Ci sono visioni, presentimenti, illuminazioni che segnano il nostro percorso esistenziale. Io ne sono sempre stata convinta. Credo anche per Renata Viganò (1900-1976) quando, a soli 12 anni, si chiedeva: Chi sono? e si rispondeva: Sono piccola ancora, ancora giuoco / volentieri tanto, ma nel cuore / s'accende a volte un subitaneo fuoco, / s'accende a volte un subitaneo amore / per l'arte bella, per la poesia. / Non so che c'è nella vita e nel mondo, / non ho provato il dolore profondo, / ma solo i baci della mamma mia. Renata avrà una vita piena, conoscerà i dolori della guerra e tutto questo confluirà nella sua opera più conosciuta (ne scrisse molte altre). Ella dormiva, ma l'anima sua / vagava nell' immenso cielo azzurro, / …diceva a una nuvola: «La tua / forma sì vaga, fragile, stranissima, / …ad un' anima sciolta e senza briglia. / Tu tempesti, dilegui al vento forte, / e l'anima non fa così al dolore, / che la strazia e l'infrange insieme al cuore, / e la spinge pian pian verso la morte?» Dalla raccolta Ginestra in fiore a L’Agnese va a morire il passo è breve. Romanzo sui partigiani scritto da una donna che partigiana era. Premio Viareggio 1949, tradotto in 14 lingue, da esso Giuliano Montaldo girò l’omonimo film, prezioso documento storico oggi caduto nell’oblio così come il libro.
Agnese perde il marito, morto dopo essere stato imprigionato dai tedeschi, ma è solo dopo che un tedesco uccide la sua gatta che qualcosa scatta in lei e non si ferma più se non con la morte. Agnese è la Resistenza, la madre dei partigiani che sfama, cura, accudisce, ama come fossero i figli che non ha mai avuto. – Tu cosa ne dici, mamma Agnese? – Io non capisco niente, – rispose lei, levando dal fuoco la padella, – ma quello che c’è da fare, si fa.
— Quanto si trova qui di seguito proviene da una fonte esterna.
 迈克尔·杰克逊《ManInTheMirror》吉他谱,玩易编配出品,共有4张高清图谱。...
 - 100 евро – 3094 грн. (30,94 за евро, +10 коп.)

Agnese è la forza di una donna non più giovane – ha appena più di cinquant’anni – dalla schiena rigida e grassa, pesante nei movimenti, col respiro corto: eccola vagare, le gambe stanche e i piedi gonfi, sulle immancabili ciabatte o in sella alla bicicletta, nella nebbia della sua terra occupata dal nemico.
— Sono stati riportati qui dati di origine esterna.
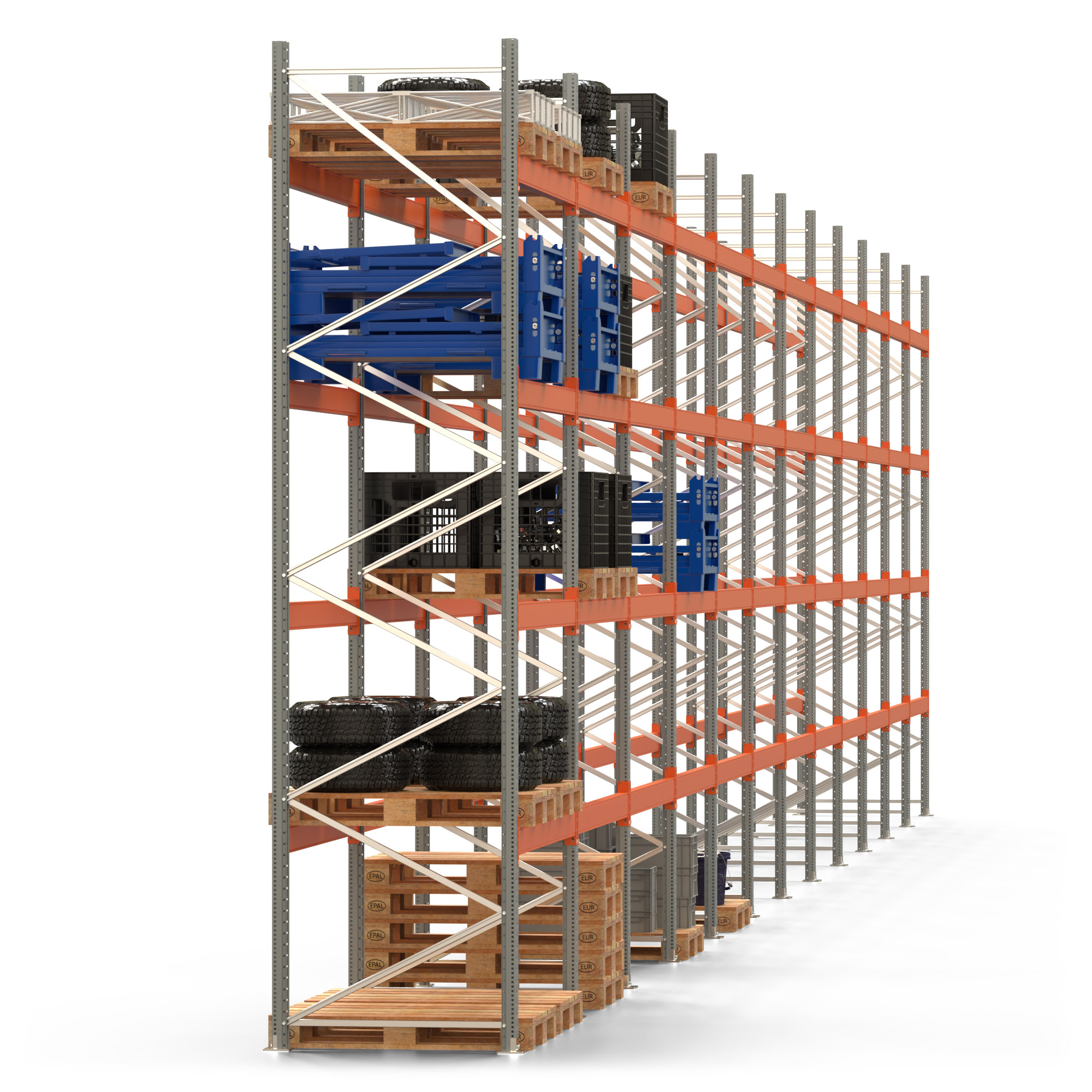 Palettenregal ARTUS - Breite 2390,5 cm - Höhe 450 cm - Tiefe 110 cm - Fachlast 3000 kg - 120 Palettenstellplätze
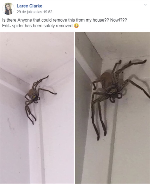 A través de Facebook, Laree Clarke publicó fotografías de una gran araña en un grupo de la plataforma junto a un mensaje que decía: «¿Hay alguien que pueda sacar esto de mi casa?».
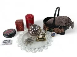 62. Plåtburkar, plåtbricka, korg, filt mm
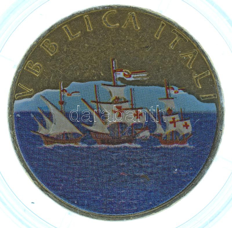 Olaszország 1959R 500L aranyozott és festett Ag "Kolumbusz hajói" kapszulában, dísztokban T:AU,XF
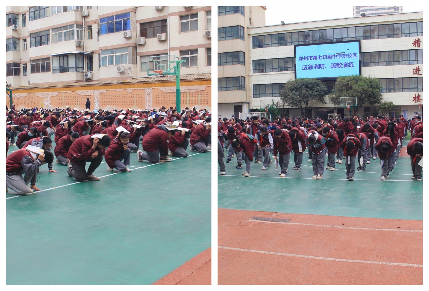 郑州七初东校区举行应急消防疏散演练
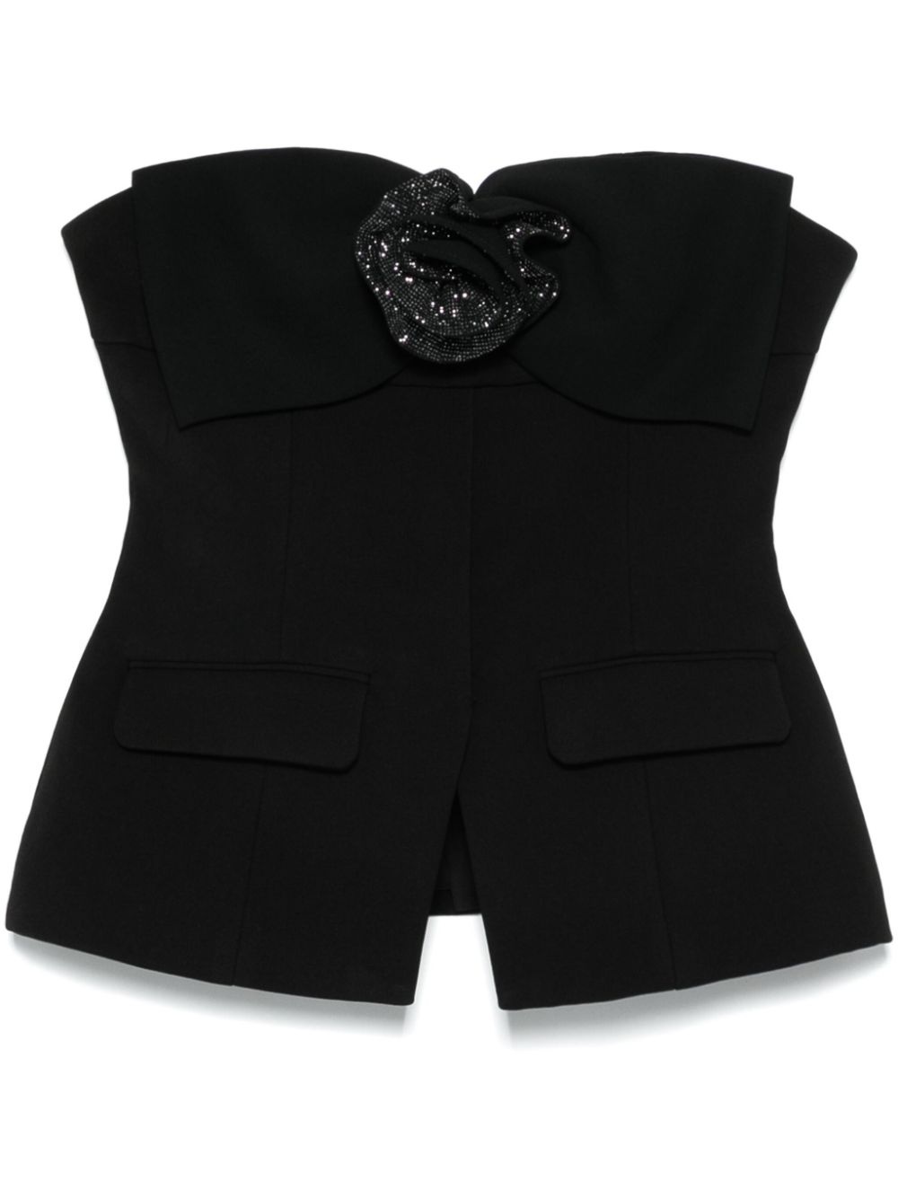 Corsage top Highlights - Black - Concealed rear hook and zip fastening - Grip tape top - Built-in fabric bra - Two front flap pockets Imported Composition Outer: Polyester 100% Lining: Polyester 100% SIZE & FIT Model measurements Height 5 ft 10 in(1.77 m) Bust/Chest 32.28 in(82 cm) Hips 35.03 in(89 cm) Waist 25.19 in(64 cm) FittingInformation Designed for a close fit throughout Made from a midweight non-stretch fabric Washing instructions Dry Clean Only

Ricorda, di certo, i suoi versi di bimba, Renata/Agnese: Fra la nebbia che ondeggia a volta a volta / non mi rammento più vita né morte. / La bianca nebbia si fa ancor più folta: / fra le mie mani stan le viole morte. E scrive un romanzo sulla Resistenza in uno stile lirico che va dritto al cuore, senza fronzoli. Intanto, nella valle, oltre le capanne già spente, quasi all’opposta estremità del sentiero, si videro nascere delle strisce accese, basse, svelte, come lingue rosse che leccassero. […] E sempre le lingue leccavano a destra e sinistra, e fra l’una e l’altra leccata ancora si propagava la fiamma, cresceva la terra che ardeva, si stampava a poco a poco il disegno della valle
Agnese non è un personaggio inventato, racconta l’autrice: La prima volta che vidi l’Agnese, o quella che nel mio libro porta il nome di Agnese, vivevo davvero in un brutto momento. […] Poi intesi la sua voce che diceva: “È lei la Contessa?” e allora tutto cambiò colore: mai il mio nome di battaglia mi aveva data tanta gioia nel sentirlo pronunciare. Mi sentii riammessa nel giro: non più sfollata ma partigiana. Mio marito nella cella delle SS, io libera sui sassi del fiume: eppure eravamo vicini. […] Noi che uscimmo salvi dalla lotta… ma rinchiusi nel mio libro con lei.
Nessuno è mai riuscito a trovare la buca in cui i tedeschi buttarono il cadavere di Agnese. Il maresciallo rimise la pistola nella fondina, e tremava, certo di rabbia. Allora il tenente gli disse qualcosa in tedesco, e sorrise. L’Agnese restò sola, stranamente piccola, un mucchio di stracci neri sulla neve. Ma anche qui i versi di Renata bambina vengono in soccorso: Che cos' è mai la vita? / In fra l'infida ondata, / è tremula, smarrita / una paglia gettata. / È pagliuzza la morte, / è pagliuzza la vita, / è pagliuzza la sorte / sì tremula e smarrita.
Renata: mancata chirurga, inserviente e infermiera, moglie e madre, partigiana, poetessa e scrittrice. Donna.